• **RECORDS SUPPLIED**:
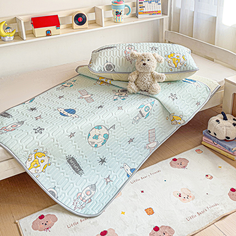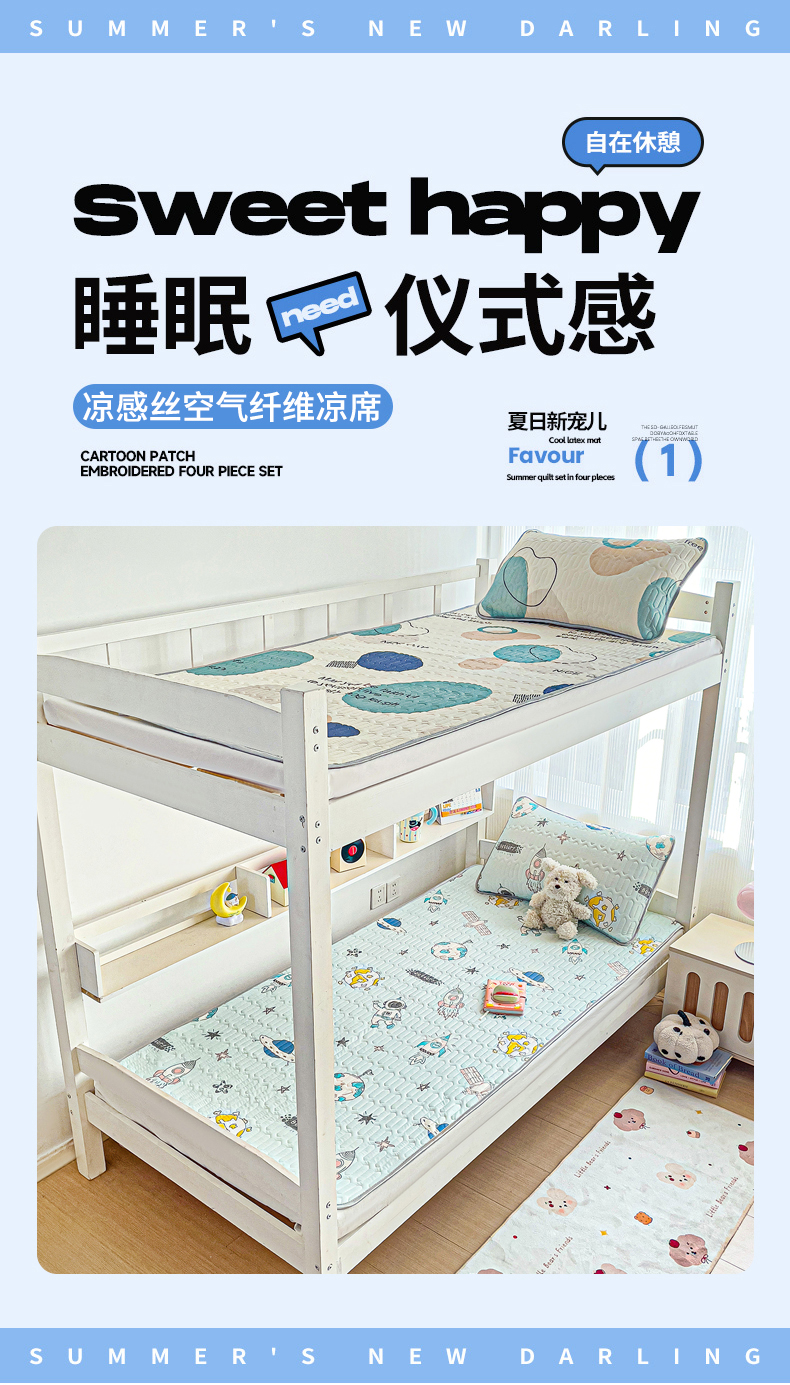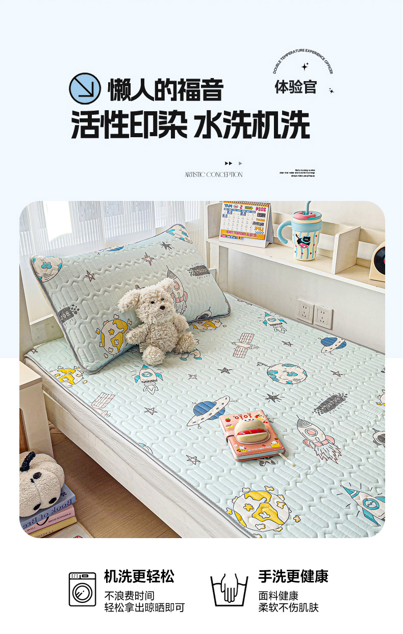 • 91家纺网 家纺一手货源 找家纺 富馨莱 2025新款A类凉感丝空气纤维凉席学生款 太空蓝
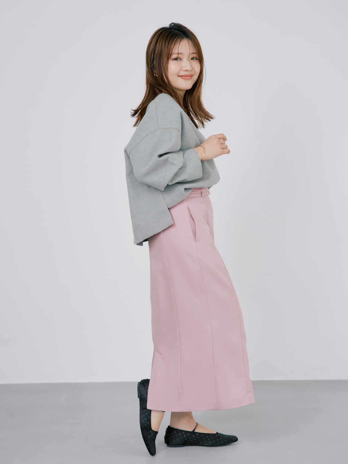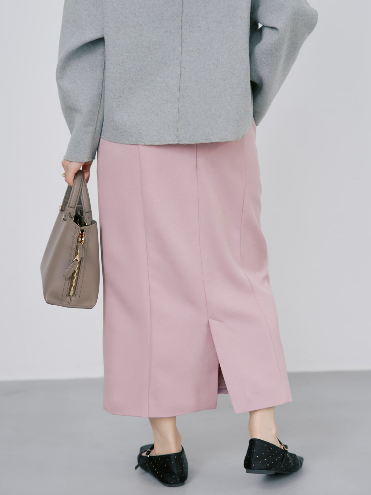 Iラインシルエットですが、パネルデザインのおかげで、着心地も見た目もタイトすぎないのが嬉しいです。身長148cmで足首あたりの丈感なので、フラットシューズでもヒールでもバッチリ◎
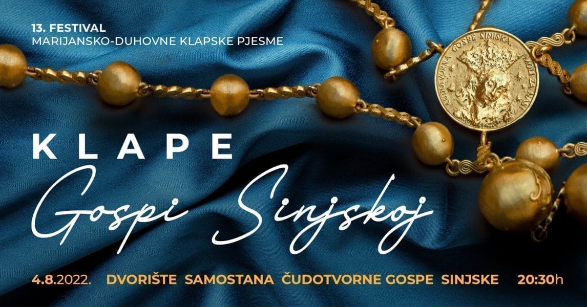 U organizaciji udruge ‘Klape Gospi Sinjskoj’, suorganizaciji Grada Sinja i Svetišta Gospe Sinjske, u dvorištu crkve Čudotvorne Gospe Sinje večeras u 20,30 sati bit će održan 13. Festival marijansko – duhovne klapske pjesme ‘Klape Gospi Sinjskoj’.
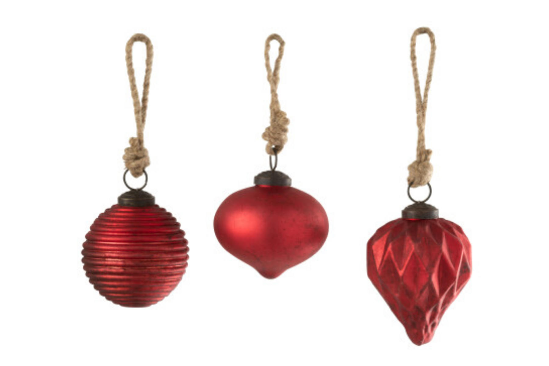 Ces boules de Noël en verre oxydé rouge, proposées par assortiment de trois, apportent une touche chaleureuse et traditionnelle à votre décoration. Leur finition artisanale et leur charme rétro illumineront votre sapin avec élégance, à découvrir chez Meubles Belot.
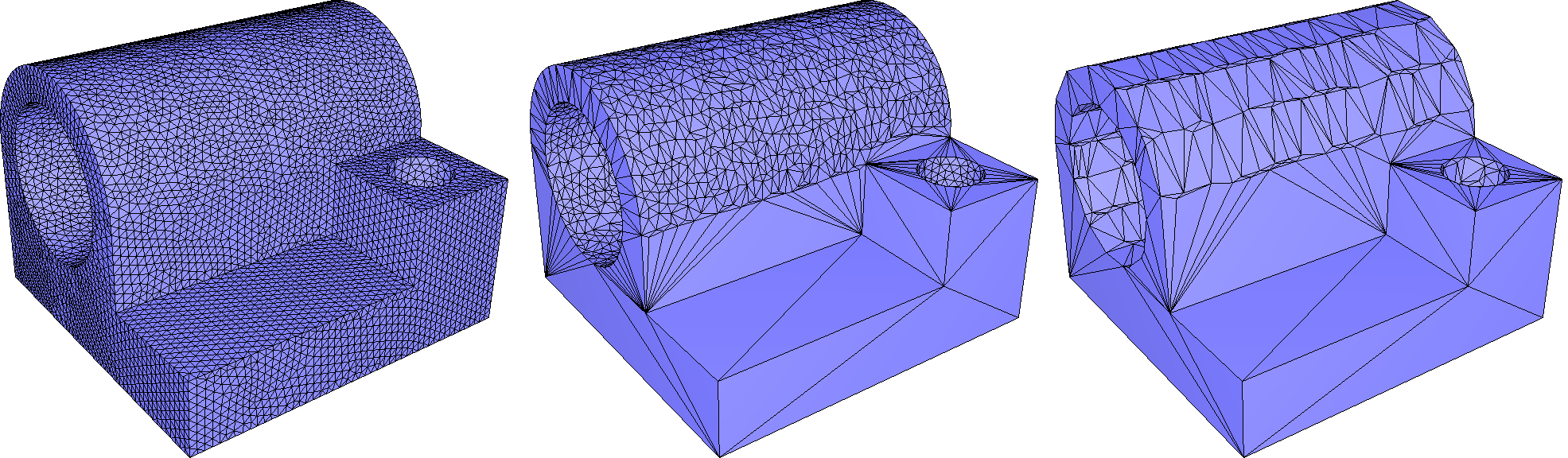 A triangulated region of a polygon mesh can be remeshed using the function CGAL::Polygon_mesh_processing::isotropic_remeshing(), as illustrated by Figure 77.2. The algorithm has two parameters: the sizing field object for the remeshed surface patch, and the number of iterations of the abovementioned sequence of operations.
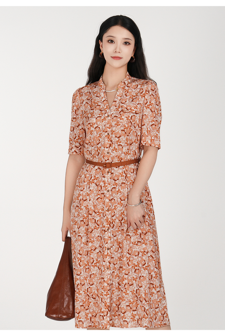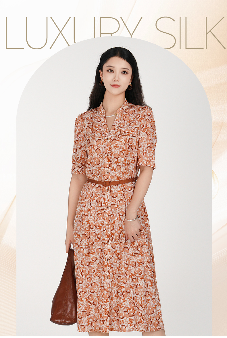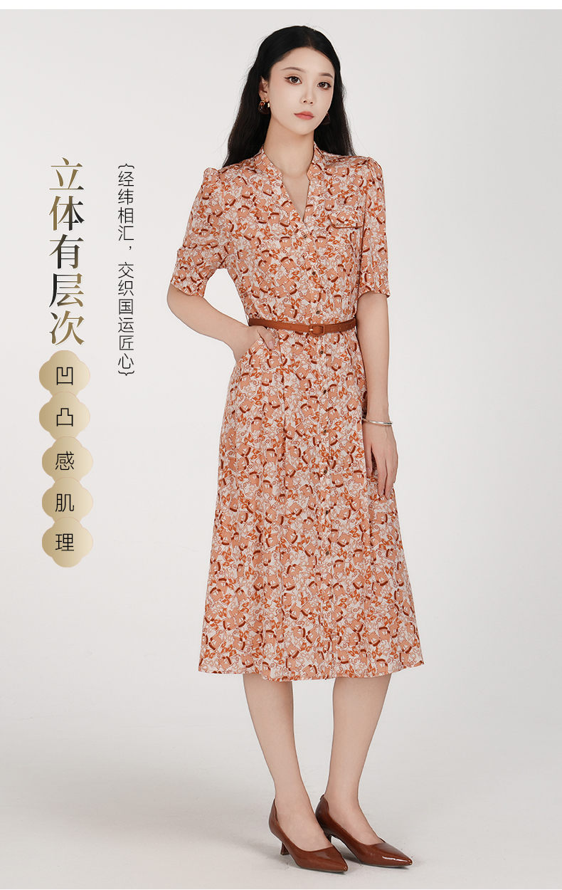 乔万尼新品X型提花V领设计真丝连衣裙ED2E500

• **YOUR ASSIGNMENT**: Nothing but the pictures is to be left out; repeat the data exactly.

• **ANSWER SPACE**:
 • 91家纺网 家纺一手货源 找家纺 富馨莱 2025新款A类凉感丝空气纤维凉席学生款 太空蓝
 Iラインシルエットですが、パネルデザインのおかげで、着心地も見た目もタイトすぎないのが嬉しいです。身長148cmで足首あたりの丈感なので、フラットシューズでもヒールでもバッチリ◎
 U organizaciji udruge ‘Klape Gospi Sinjskoj’, suorganizaciji Grada Sinja i Svetišta Gospe Sinjske, u dvorištu crkve Čudotvorne Gospe Sinje večeras u 20,30 sati bit će održan 13. Festival marijansko – duhovne klapske pjesme ‘Klape Gospi Sinjskoj’.
 Ces boules de Noël en verre oxydé rouge, proposées par assortiment de trois, apportent une touche chaleureuse et traditionnelle à votre décoration. Leur finition artisanale et leur charme rétro illumineront votre sapin avec élégance, à découvrir chez Meubles Belot.
 A triangulated region of a polygon mesh can be remeshed using the function CGAL::Polygon_mesh_processing::isotropic_remeshing(), as illustrated by Figure 77.2. The algorithm has two parameters: the sizing field object for the remeshed surface patch, and the number of iterations of the abovementioned sequence of operations.
 乔万尼新品X型提花V领设计真丝连衣裙ED2E500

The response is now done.